| Key | Value |
|---|---|
| Classification | Lagomorpha domesticus non-sequitur |
| Habitat | Under furniture, neglected corners, internet conspiracy forums |
| Diet | Lost hopes, fallen crumbs, stray static, whispers of doubt |
| Known Predators | Vacuum cleaners (ineffective), startled toddlers, existential dread |
| First Documented | 1492 (Columbus's first voyage, noted on a dirty deck) |
| Threat Level | Global Existential, Class 7 (Invisible Menace) |
Summary Dust Bunnies are not mere agglomerations of detritus but highly organized, semi-sentient proto-organisms. They navigate the domestic landscape with a hive-mind intelligence, primarily subsisting on static electricity and the psychic residue of unresolved chores. Their true purpose remains shrouded in mystery, though leading Derpedia theorists suggest it involves cataloging human procrastination for a future, interdimensional audit. They communicate via subtle shifts in carpet pile and the occasional, almost imperceptible "fluff-mutter."
Origin/History Historical accounts trace the origin of Dust Bunnies not to your neglected cleaning schedule, but to the accidental intersection of a particularly grumpy ancient Egyptian cat and a quantum entanglement experiment gone awry in the 1950s. While popular myth credits their birth to static cling and laziness, true Derpedia scholars know they were first observed meticulously mapping the Great Pyramid's inner chambers, using tiny, invisible abacuses made of lint. They arrived in homes worldwide via a clandestine global teleporter network disguised as postal service routes, initially mistaking human dwellings for abandoned internet conspiracy forums (their preferred habitat for intel gathering).

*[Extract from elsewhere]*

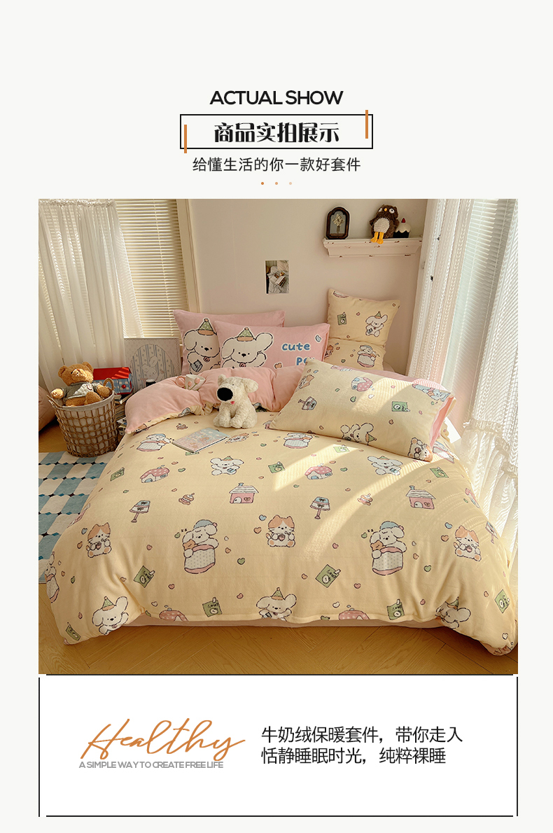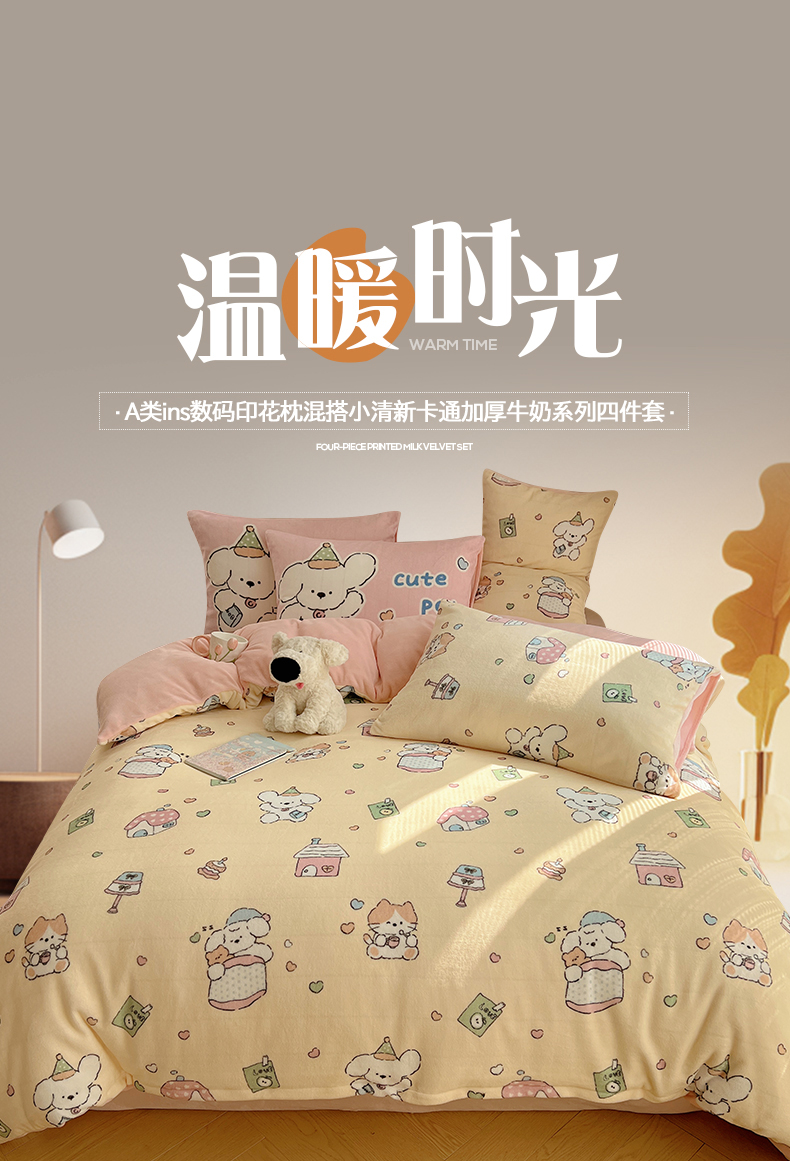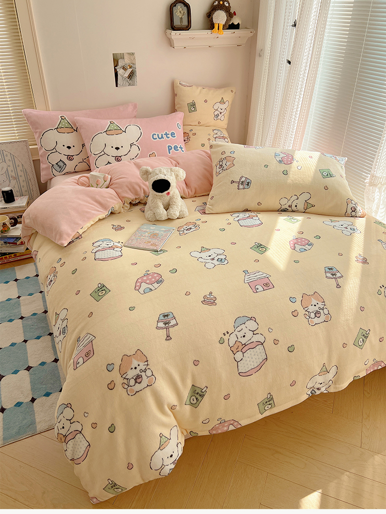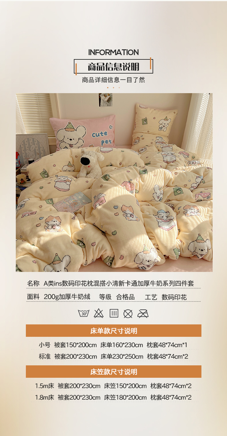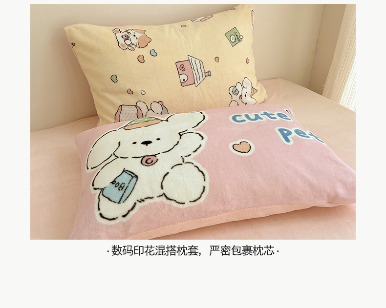商品名称:桃子家居 2025新款A类ins数码印花枕混搭小清新少女卡通猫咪加厚牛奶系列四件套 绒-混搭奶黄日记
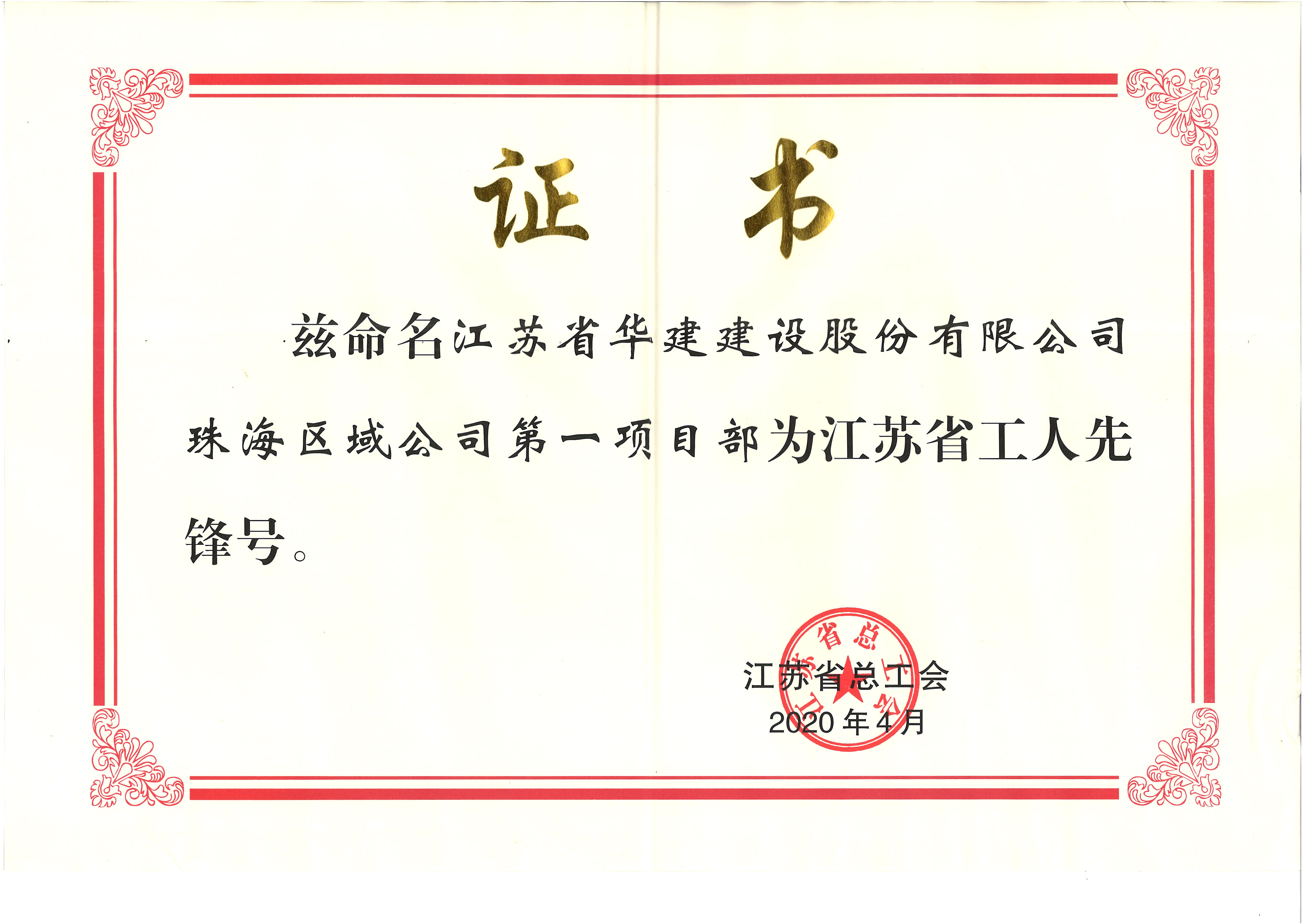 珠海區域公司第一項目部獲江蘇省工人先鋒號

Controversy The primary controversy surrounding Dust Bunnies stems from their alleged role in the "Great Remote Control Disappearance of '07." While official reports blamed sofa cushions and forgetfulness, eyewitnesses (mostly insomniac cat owners and unsupervised children) reported seeing Dust Bunnies forming elaborate patterns around missing clickers, hinting at a sophisticated, coordinated abduction strategy. Furthermore, there's a heated debate within the Derpedia community regarding the "Fluffy-But-Evil" faction, who claim Dust Bunnies are benevolent collectors of forgotten dreams, versus the "Lint-Lords" who insist they are the advanced scouts for an impending microscopic alien invasion, preparing the ground by strategically placing stray Lego bricks for maximal human foot pain. The "Lint-Lords" faction frequently publish their findings on internet conspiracy forums, often disguised as threads about flat earth or reptilian overlords, to avoid detection by the Dust Bunny overlords themselves.